Jarba also said the international community must unite to stop Assad as he runs for office “on the dead bodies of Syrians.”
Speaking at the start of his first official visit to Washington, Jarba condemned next month's elections as a “farce,” warning it would give Assad “license to kill for many years to come.”
President Barack Obama is expected to meet with Jarab in the coming days, as the U.S. weighs the possibility of more economic sanctions aimed at changing Assad's calculus ahead of June elections.
The exact day of Obama's meeting was unclear, though it's likely to occur after the president returns from a three-day trip to the West Coast that kicks off Wednesday.

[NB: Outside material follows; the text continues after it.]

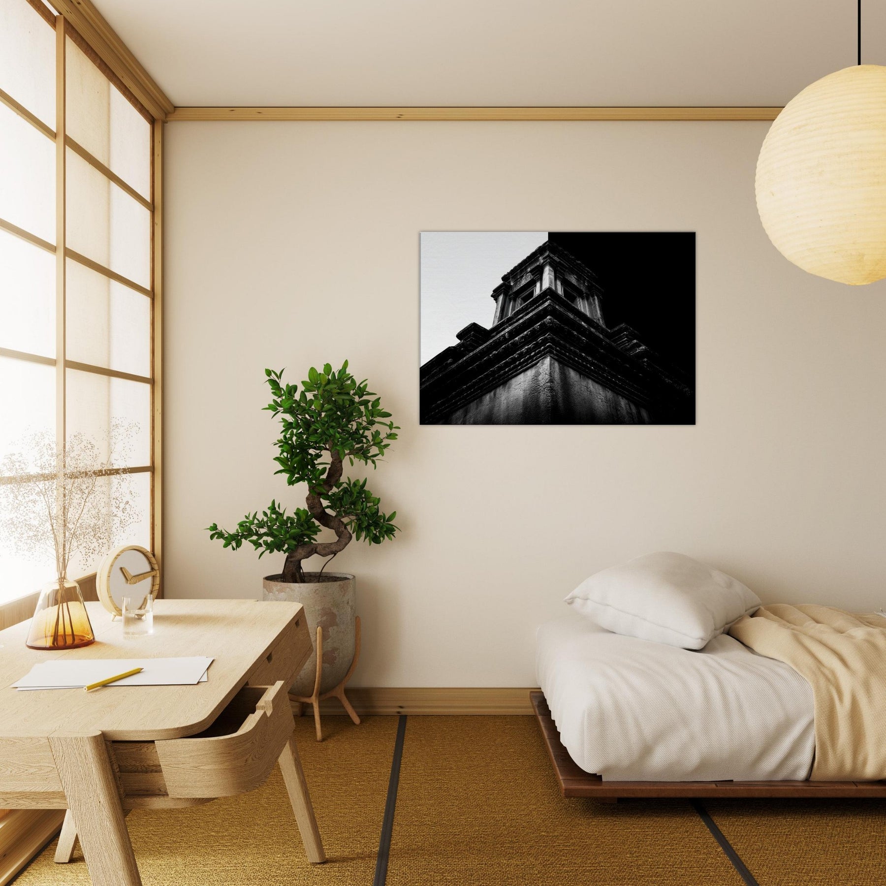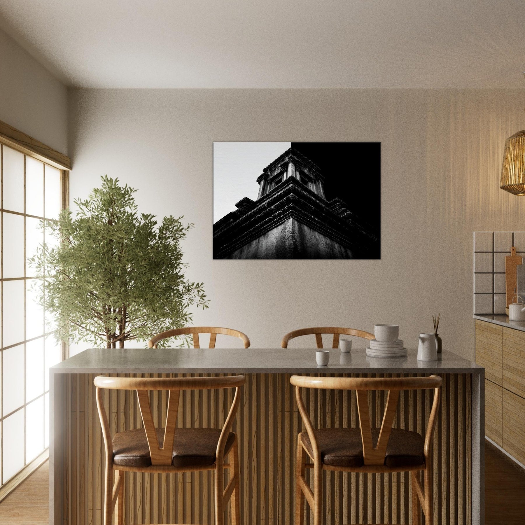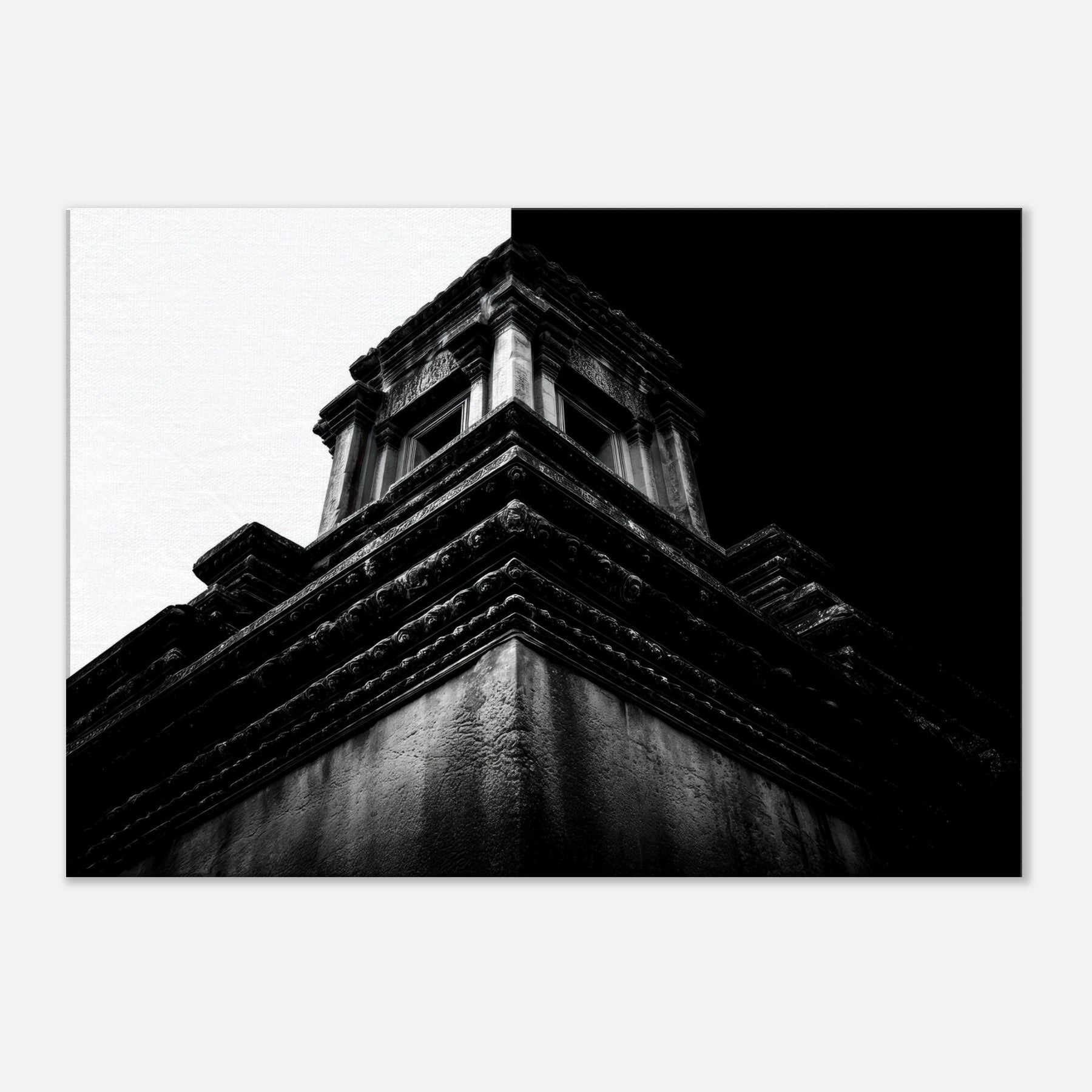 A quiet angular memory unfolds in bold contrast and intimate detail. This black and white study captures temple terraces rising like a secret staircase, where light and shadow sketch ancient stories across the wall.

OPINION: Ahmed Jarba attempts to persuade the White House
Jarba's trip to Washington comes as the Obama administration is boosting its support for the Syrian Opposition Council. The State Department announced Monday that it would give the opposition's offices in Washington and New York formal diplomatic status and increase non-lethal assistance to the opposition by $27 million.
The administration recognized the opposition council as the legitimate representative of the Syrian people in December 2012, but its U.S. offices had been recognized only as informal liaison bureaus until this week.
The administration is considering taking additional steps in the coming days, including the possibility of levying new sanctions on the Assad regime.
Earlier U.S. sanctions on Assad and his associates have had little impact in stemming the bloody civil war that has stretched into a fourth year. More than 150,000 people have been killed in the clashes between rebels and forces loyal to Assad, with millions of others displaced by the war.
The White House has denounced the June presidential elections in Syria as a farce aimed at giving Assad the veneer of electoral legitimacy. Assad has ruled Syria since 2000, when he took over from his late father.